Little Miss Perfect is an American drama film written and directed by Marlee Roberts, starring Karlee Roberts, Izzy Palmieri,  Jeremy Fernandez and Lilla Crawford.

Plot summary 
Belle, an over-achieving high school freshman, stumbles upon an online pro-eating disorder subculture as cracks begin to appear in her seemingly perfect life.

Cast 
Karlee Roberts as Belle
Jeremy Fernandez as Gus
Lilla Crawford as Olivia
Izzy Palmieri as Lyla
Tom Degnan as Mr. Davy
Charlie Swan as Madison
Eden Wright as Sophia
Brandon Bernath as Joey
Cameron Fachman as Dave
Peter Rini as Maurice

Production

Script and development  
Little Miss Perfect was written by Marlee Roberts and originally began as an adaptation of the traditional French fairytale La Belle et la Bete, popularly known in English as Beauty and the Beast.

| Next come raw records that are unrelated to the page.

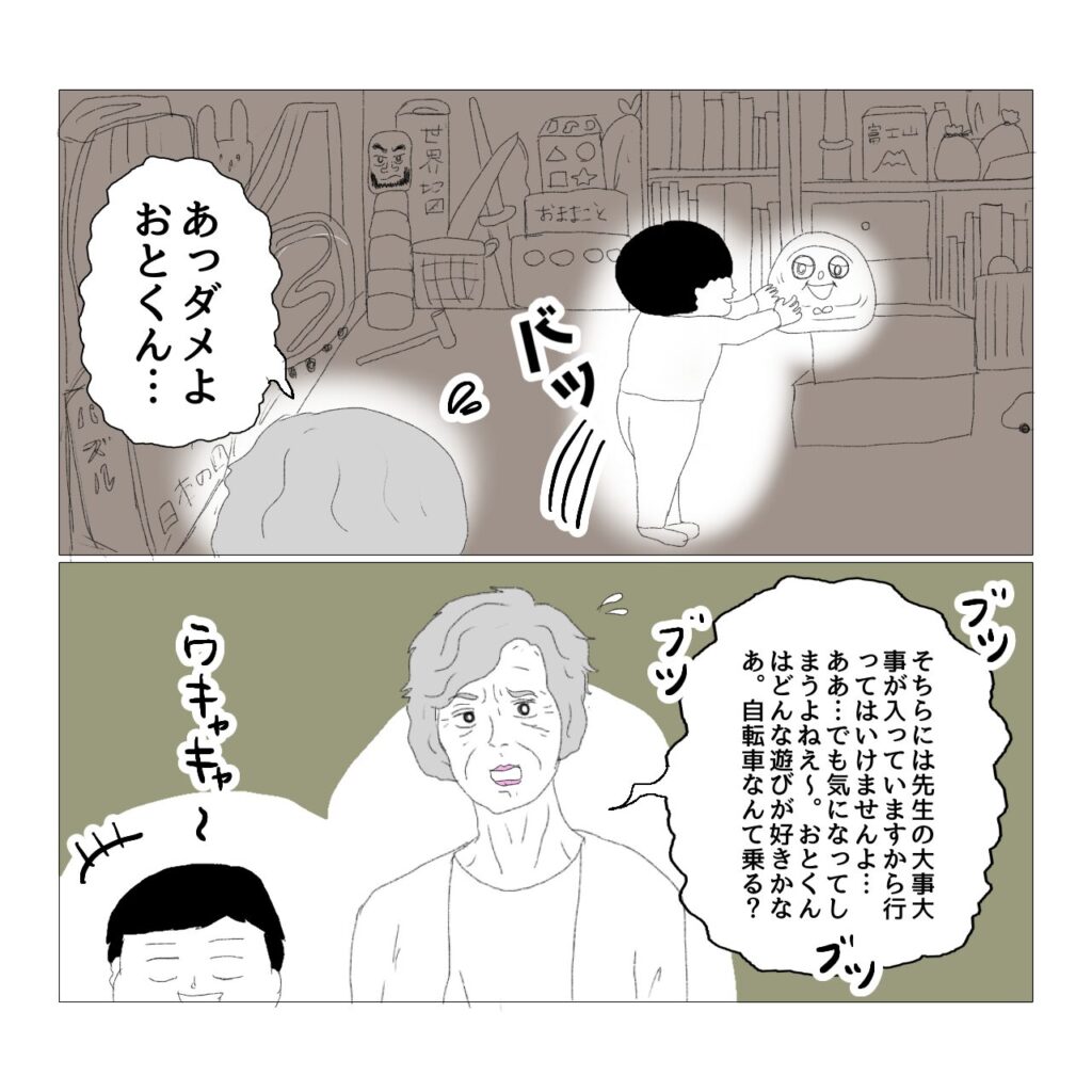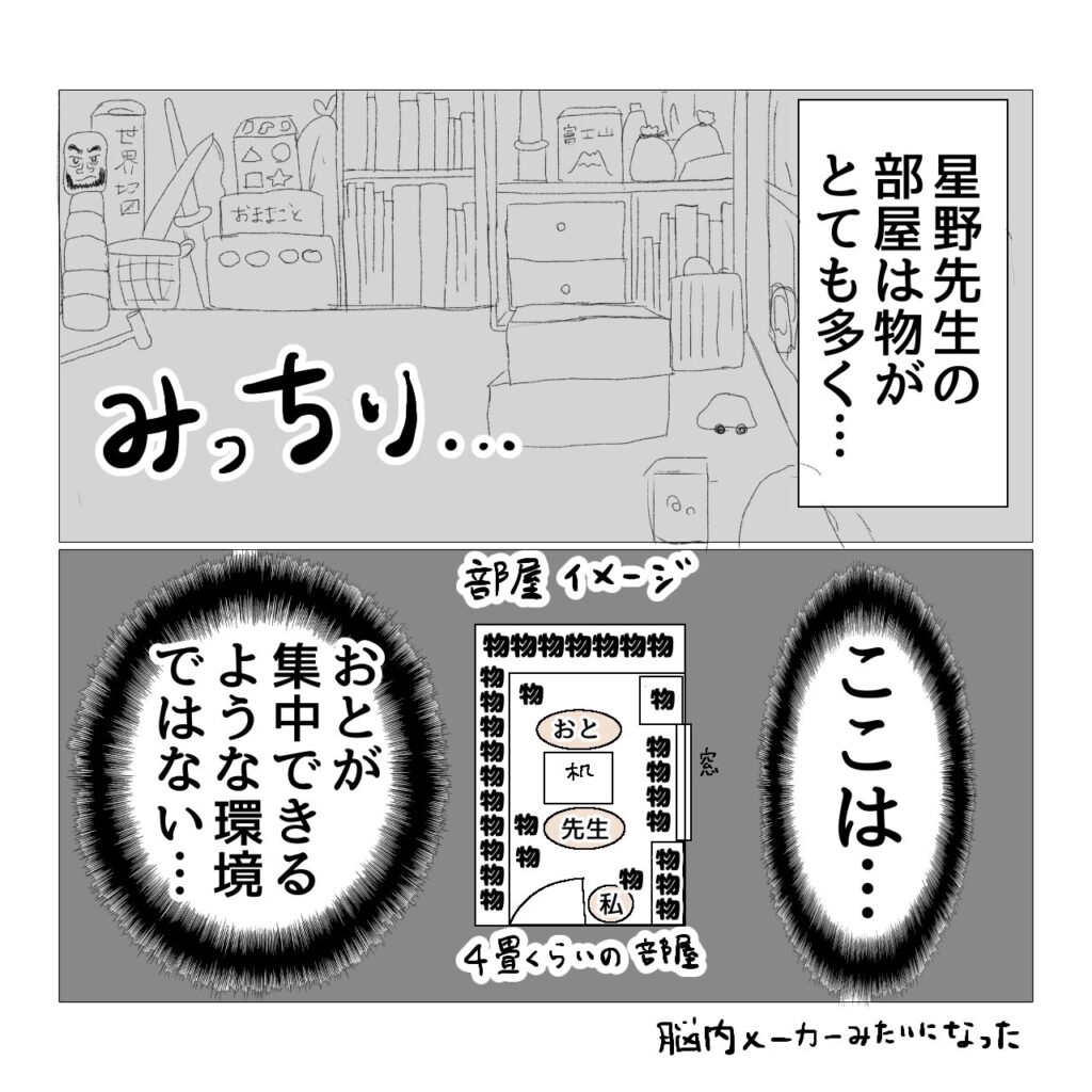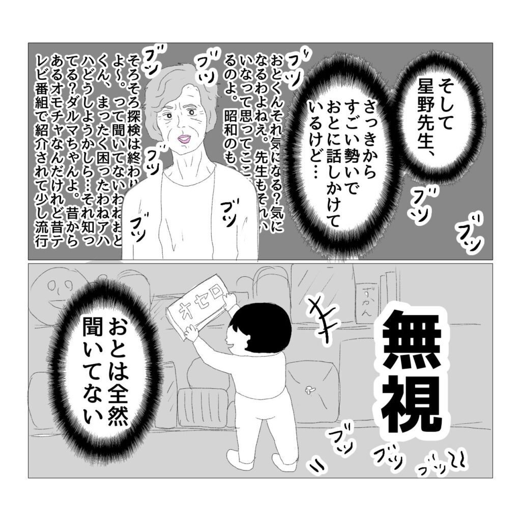 おとが部屋にあるたくさんの物に気持ちが行ってしまい星野先生の話を全く聞いていないのですが、星野先生はあまり意に介さずそのまましゃべり続けていて衝撃でした。どう見てもおとは集中できていない。他の子はどうしているんだろう?と、私はとても不思議でした。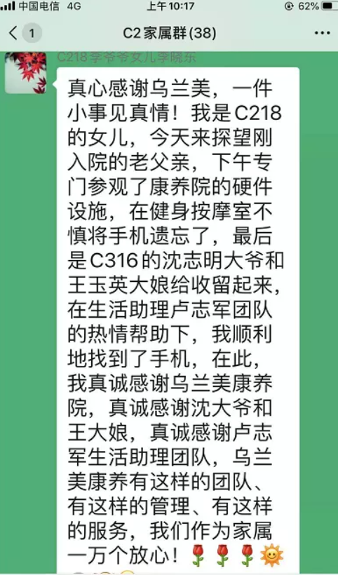 考慮到失主丟失財物焦急的心情,沈爺爺用餐過后便立即回到房間,正打算挨家挨戶找尋失主時,碰到了前來尋找手機的C區(qū)二樓生活助理團隊們。“真的特別謝謝大家的熱心幫助,當(dāng)烏蘭美的護士和生活助理人員知道我的手機丟失后,都自發(fā)的幫我找尋手機。我真的感到特別的暖心,特別的貼心。經(jīng)過這次事情,我對我老父親住在這里一萬個放心!因為這里的工作人員不僅細心呵護、照顧老人,還守護了他們的財產(chǎn)安全。”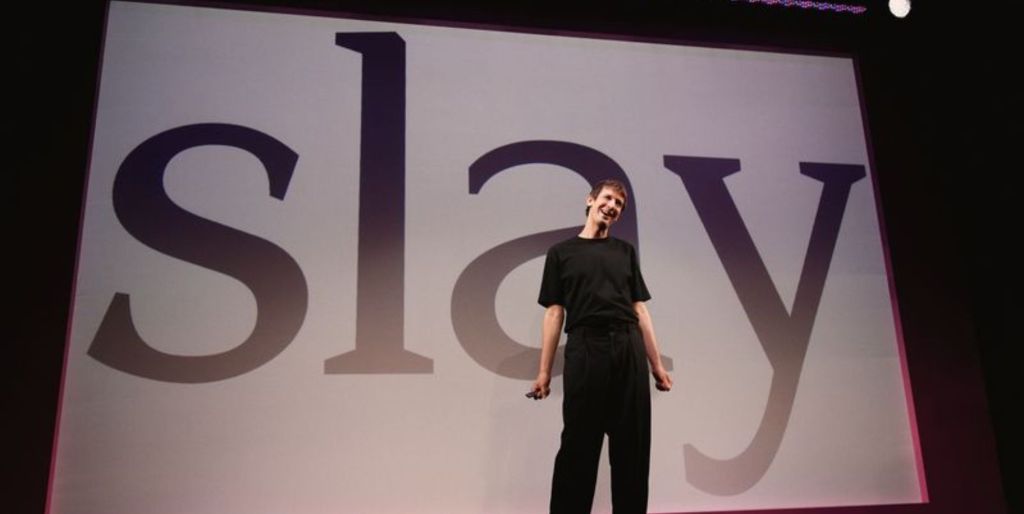 Try explaining it to a friend and you’ll be met with a blank face. Take said friend to see the show, and said face will be wet with tears of laughter, then proper tears, then joyful tears again. The PowerPoint flashes with words that guide and contradict Sharp’s stories; stories of being gay-bashed on a subway train by a fossilised European woman, of accidentally getting “a weenie massage”, of nearly dying in the Mexican sea in 2024. He has “memorised, like, psychotically” every slide. “We’re sort of treating PowerPoint like it’s a drum kit. It’s all rhythmic.”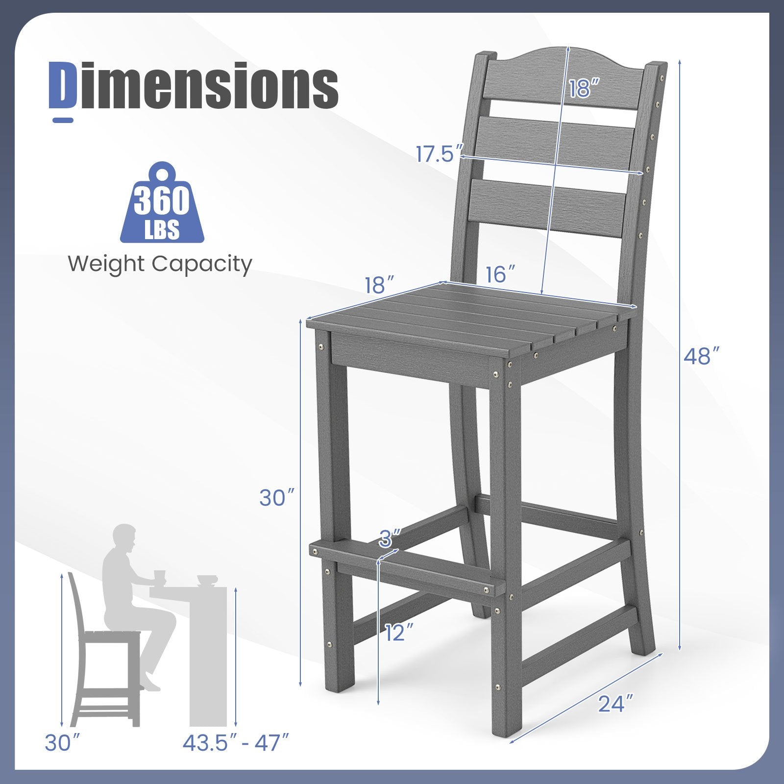 ● HDPE Material: Different from normal wood which is easy to crack the selected HDPE material makes the outdoor bar stools anti-rack all-weather and sun-protective to withstand changing weather.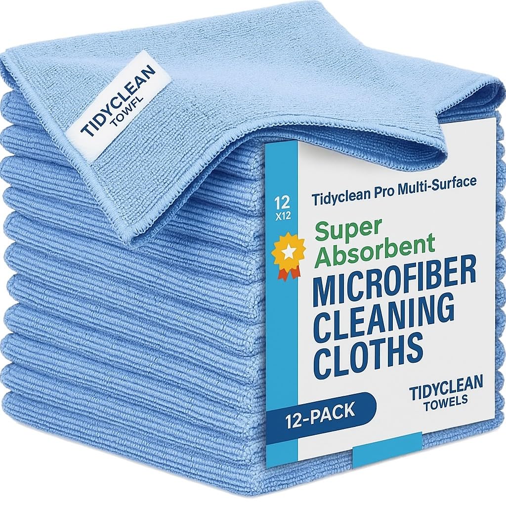 Tricol Clean Paño de limpieza de microfibra, 16 x 16 pulgadas, paquete de 12 trapos de limpieza ultra gruesos, súper absorbentes,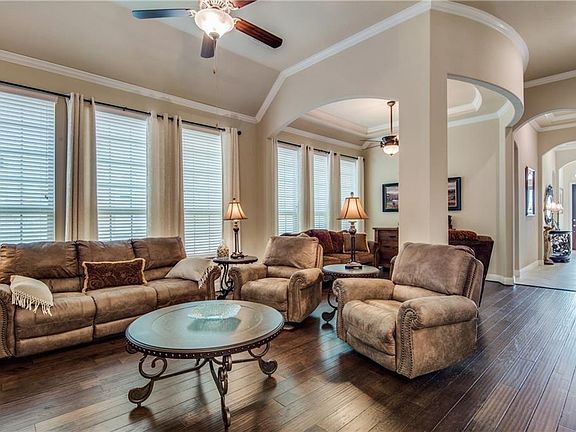 OPEN HOUSE Saturday July 20, 1:00-3:00 pm! Outstanding Villas of Bear Creek home is loaded w many luxury & Energy Star features! 12' Ceilings have Elegant crown moldings, 8 ft solid mahogany front door, SS appliances, 5 burner gas cook top, Beautiful 42in cabinets w under cabinet lighting, granite, wood flooring. Tankless water heater, 16 Seer HVAC, Radiant Barrier and more energy savers! Nice covered Patio and finished out garage w amenities including graphite sealed floor; overhead storage and work bench stay. Fantastic Master planned community with pool, trails and parks! Fantastic location for easy access to DFW metroplex! Walking distance to American Airlines Headquarters. This is a must see!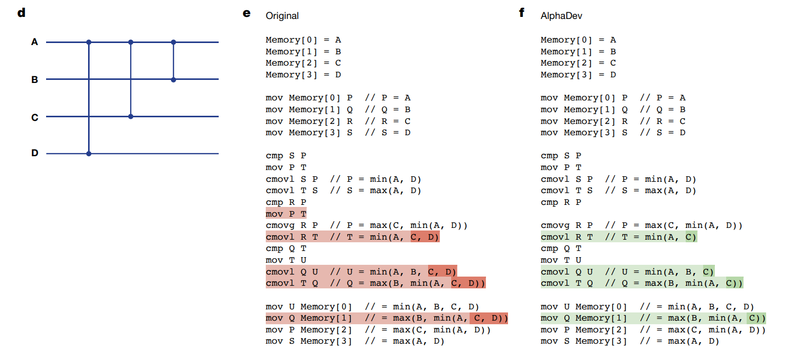 하지만 AlphaDev는 max(B,min(A,C))만 사용해도 된다는 것을 발견하여 한줄의 명령(mov P T)를 덜 처리하게 된다

The adaptation borrowed Belle's studious perfectionistic nature and combined it with the Beast's shame and temper. Belle was given a father who set off on a work venture, a mother who is out of the picture, and a confident bordering-on-arrogant suitor.

In the classic fairytale, in order to break the Beast's curse, the Beast must learn to love someone and be loved in return. In Little Miss Perfect, where Belle and the 'beast' are one and the same, Belle must learn to love herself in order to rid herself of this 'beast'.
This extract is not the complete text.